JEPs proposed to target JDK 10 (2017/11/2) (original) (raw)

mark.reinhold at oracle.com mark.reinhold at oracle.com
Mon Nov 13 21:05:50 UTC 2017


2017/11/8 9:07:18 -0800, volker.simonis at gmail.com:

...

@Brian: You wrote: "For nontrivial projects, you are expected to work iteratively, progressively refining the design, interface, implementation, and test suite together, outside of the main code line, until it is ready, and then — and only then — do you start the process of proposing to target." That's actually exactly how I understand the process as well. However, looking at the reality, how many of the JEPs (except Jigsaw and some ports) have been developed in their own repositories before they have been integrated into the main line?

Many other JEPs were, or are being, developed in their own forests or repositories. Off the top of my head:

104: Annotations on Java Types 109: Enhance Core Libraries with Lambda 126: Lambda Expressions & Virtual Extension Methods 127: Improve Locale Data Packaging and Adopt Unicode CLDR Data 128: Unicode BCP 47 Locale Matching 138: Autoconf-Based Build System 139: Enhance javac to Improve Build Speed 150: Date & Time API 169: Value Objects 174: Nashorn JavaScript Engine 189: Shenandoah: An Ultra-Low-Pause-Time Garbage Collector 191: Foreign Function Interface 199: Smart Java Compilation, Phase Two 217: Annotations Pipeline 2.0 218: Generics over Primitive Types 222: jshell: The Java Shell (Read-Eval-Print Loop) 223: New Version-String Scheme 258: HarfBuzz Font-Layout Engine 265: Marlin Graphics Renderer 286: Local-Variable Type Inference 300: Augment Use-Site Variance with Declaration-Site Defaults 301: Enhanced Enums 302: Lambda Leftovers 303: Intrinsics for the LDC and INVOKEDYNAMIC Instructions 305: Pattern Matching 309: Dynamic Class-File Constants

Quite a few other, typically smaller, JEPs were, or are being, developed in their own branches in a sandbox forest/repository [1].

We have a serious process/infrastructure problem because creating a new clone is a much to heavyweight operation

What do you mean by "heavyweight"? Sure, it takes more disk space than we'd like, but even most laptops these days are big enough to hold a handful of forests/repositories (if not dozens), and fast enough that cloning another one is no big deal.

and branches are not yet a generally accepted "working model" in the OpenJDK.

We can almost certainly make more and better use of branches, or perhaps bookmarks, going forward, and now that we have a consolidated repository I suspect that various interested contributors will look more closely at that.
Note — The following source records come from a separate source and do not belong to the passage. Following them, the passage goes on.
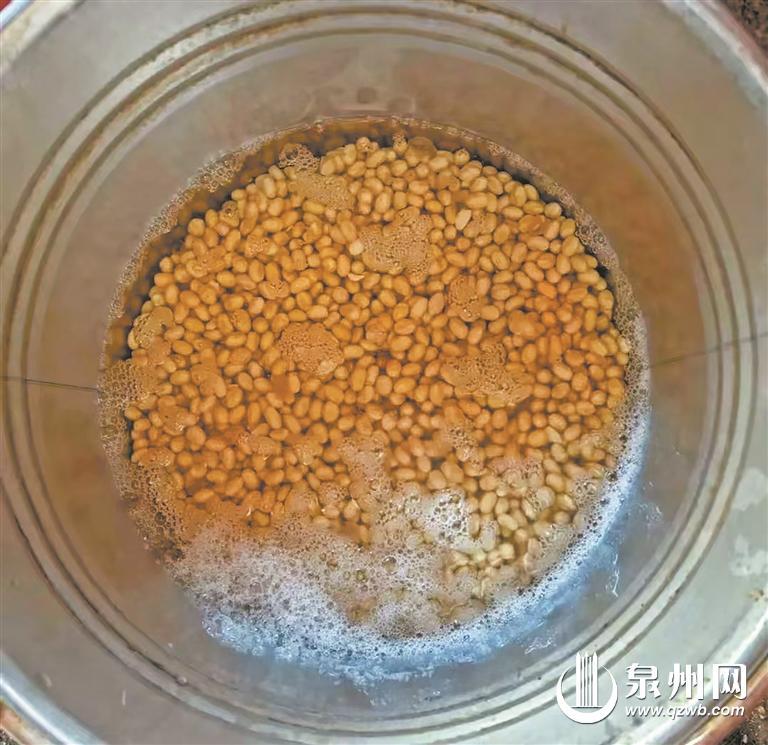 制作豆干前先将饱满黄豆浸泡一夜,让它吸足水分、涨得鼓圆。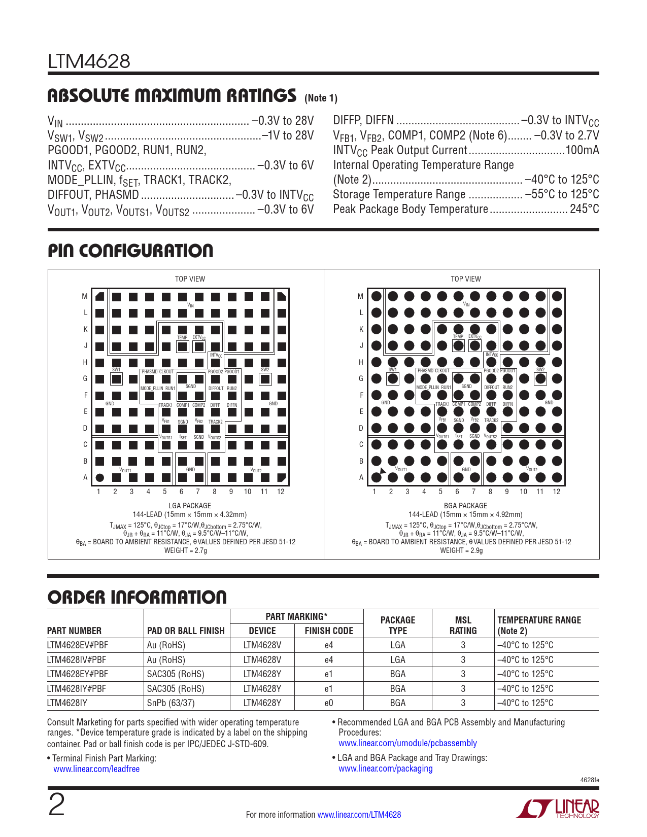VIN ... –0.3V to 28V DIFFP, DIFFN ... –0.3V to INTVCC VSW1, VSW2 ..–1V to 28V VFB1, VFB2, COMP1, COMP2 (Note 6) .. –0.3V to 2.7V PGOOD1, PGOOD2, RUN1, RUN2, INTVCC Peak Output Current ..100mA INTVCC, EXTVCC... –0.3V to 6V Internal Operating Temperature Range MODE_PLLIN, fSET, TRACK1, TRACK2, (Note 2) .. –40°C to 125°C DIFFOUT, PHASMD ... –0.3V to INTVCC Storage Temperature Range .. –55°C to 125°C VOUT1, VOUT2, VOUTS1, VOUTS2 ... –0.3V to 6V Peak Package Body Temperature .. 245°C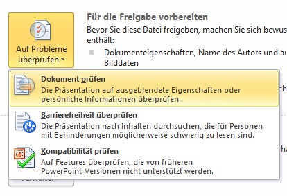 - Click on "To check for problems", and select "check document".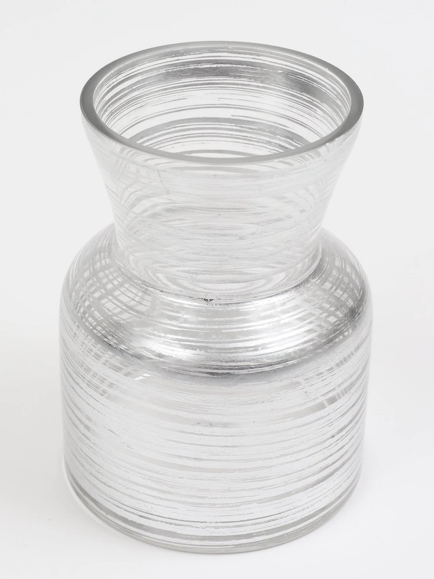 Description: This small vase is perfect for the kitchen counter or anywhere tight on space. The silver metallic swirl design adds an elegant charm!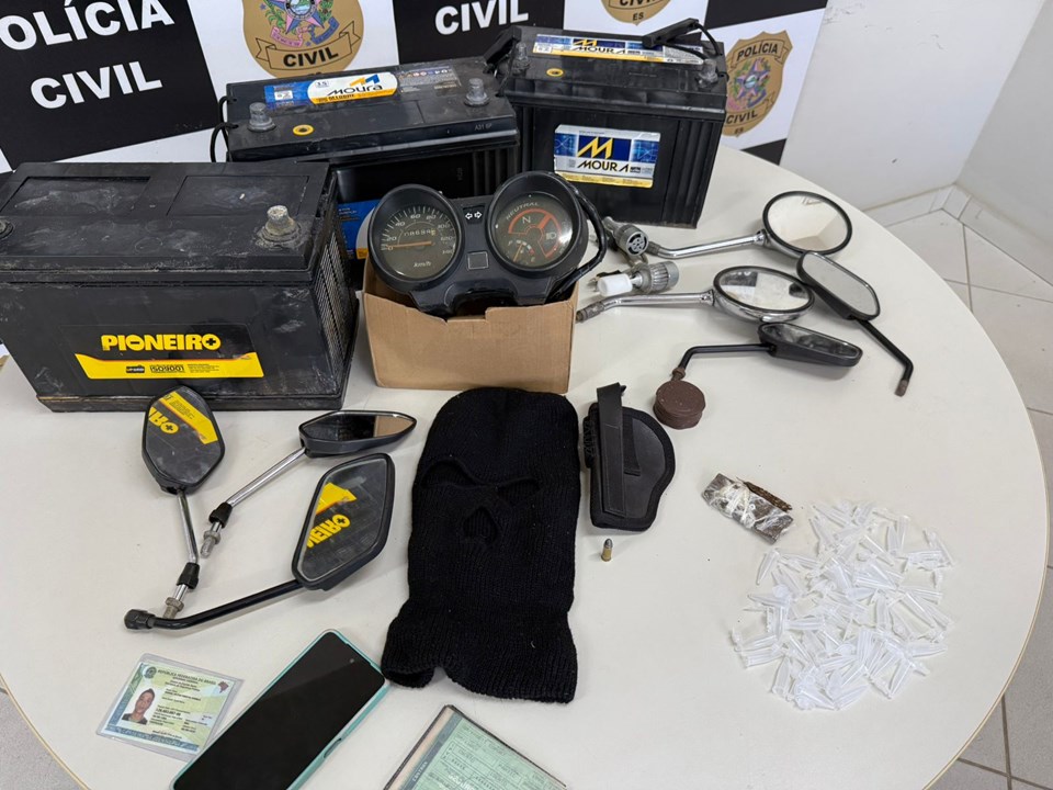 Na operação, os policiais localizaram diversos objetos de procedência suspeita e materiais ilícitos. Entre os itens apreendidos estão um coldre para revólver; uma munição calibre .32; uma balaclava; diversos pinos de cocaína vazios; porções de maconha; várias peças de motocicletas, incluindo retrovisores, lâmpadas de farol, um painel de moto e três baterias automotivas; um dichavador de maconha; um celular da marca Motorola; um cartão de alimentação e um cartão de conta corrente em nome de terceiros.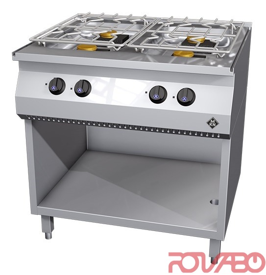 Moulded steel hobs tightly fitted to the substructure. Hob depth of 70 mm prevents the burning on of boiled over food. DN 15 (½") gas connection required. 2 x C-burner 3.5 kW each (front right, rear left), 2 x D-burner 5.6 kW each (front left, rear right). Atmospheric burner, ignition burner, thermoelectric safeguard, tap switch, manual ignition and temperature control. Accessories: 2 chrome nickel steel sliding grid (370x550 mm). Optional accessories: 1 simmering plate for 1 burner, 1 chrome nickel steel grid to cover 1 burner (274x370 mm).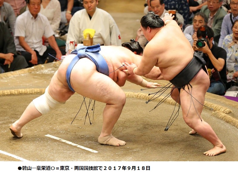 豪栄道は、前頭2枚目の碧山(31=春日野)に、立ち合い頭で当たって最後は左に回り込んで突き落とし。8勝1敗で勝ち越しを決め、かど番を脱出した。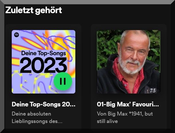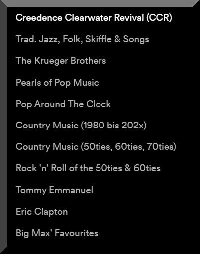 Am 7. Januar 2023 hat mir Alex erneut die Vorzüge von Spotify geschildert, der Schwedische Audio Streaming Service und ich habe erkannt, dass ich damit gut meine „Big Max‘ Favourites“ abbilden kann und zahllose andere Playlists meiner individuellen Gestaltung. Obendrein synchronisieren sich die Playlists dann auf allen smarten Geräten und PCs. Eigentlich logisch, denn ich erledige den Änderungsdienst ja online auf dem Spotify-Server.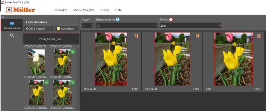 kann es sein, dass seit dem letzten update der Software, bei den 20,30,40 und 50 cm Fotos die Funktion Original Seitenverhältnis nicht mehr anwählbar ist? Oder mache ich was falsch? Ich bin sicher, dass ich bei der vorherigen Version noch ein 40cm x 53cm Format bestellt und korrekt "abgeschnitten" erhalten habe (vor ganz wenigen Wochen) Jetzt wird das Foto (ist hochformat) seitlich angeschnitten, was nicht sein darf... Danke für Hilfe jeglicher Art :-) (Natürlich kann ich es auf das 3:2 erweitern und dann selber abschneiden, macht aber unnötig Arbeit und unnötig Materialverbrauch im Labor...)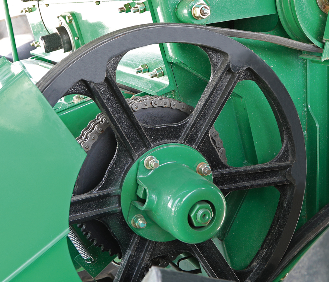 割臺(tái)主傳動(dòng)鏈條采用雙排12A鏈條,可靠性更高。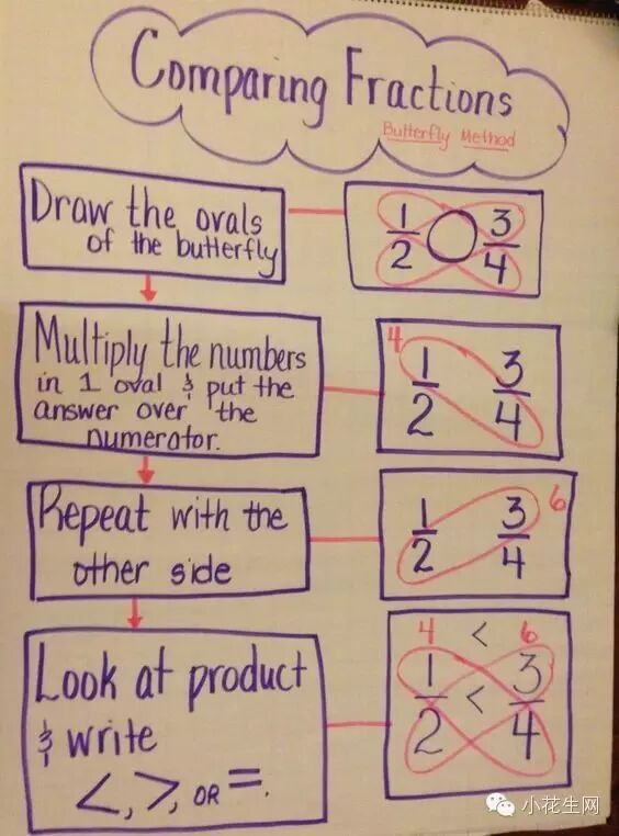 也有用流程图帮孩子解题的,第一步,第二步,第三步 ... 这是分数比大小的所谓“蝴蝶法”,说实话檩子是第一次看到有这种比大小的。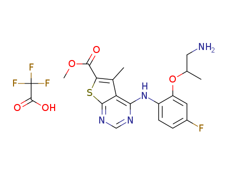 - Synonyms:Methyl 4-(2-(1-aminopropan-2-yloxy)-4-fluorophenylamino)-5-methyl-thieno[2,3-d]pyrimidine-6-carboxylate trifluoroacetate

Let alone the fact of testing such a clone/branch (i.e. JPRT/Mach5 for the insiders :) I'm also not sure if other tools like JBS work well with branches for example. Finally, it is currently much easier to attract the attention of a potential Oracle reviewer/sponsor when you subdivide your JEP into small sub features. I wouldn't call that cheating - it's just the only viable way to get your work done if you're an external contributor.

So, to sum it up, I think we have a well defined and sound process but we really need the infrastructure and tools to execute it!

I agree that it'd be nice to have better infrastructure and tools, and as you know a number of efforts are under way on that front. In the meantime, however, if you have a question about a Proposed-to-Target JEP, and the answer to that question would be obvious if we had better infrastructure and tools, then please just ask the question of the JEP's owner.

Even perfect infrastructure and tools would be no substitute for conversation and collaboration, nor for the resulting trust that builds up over time.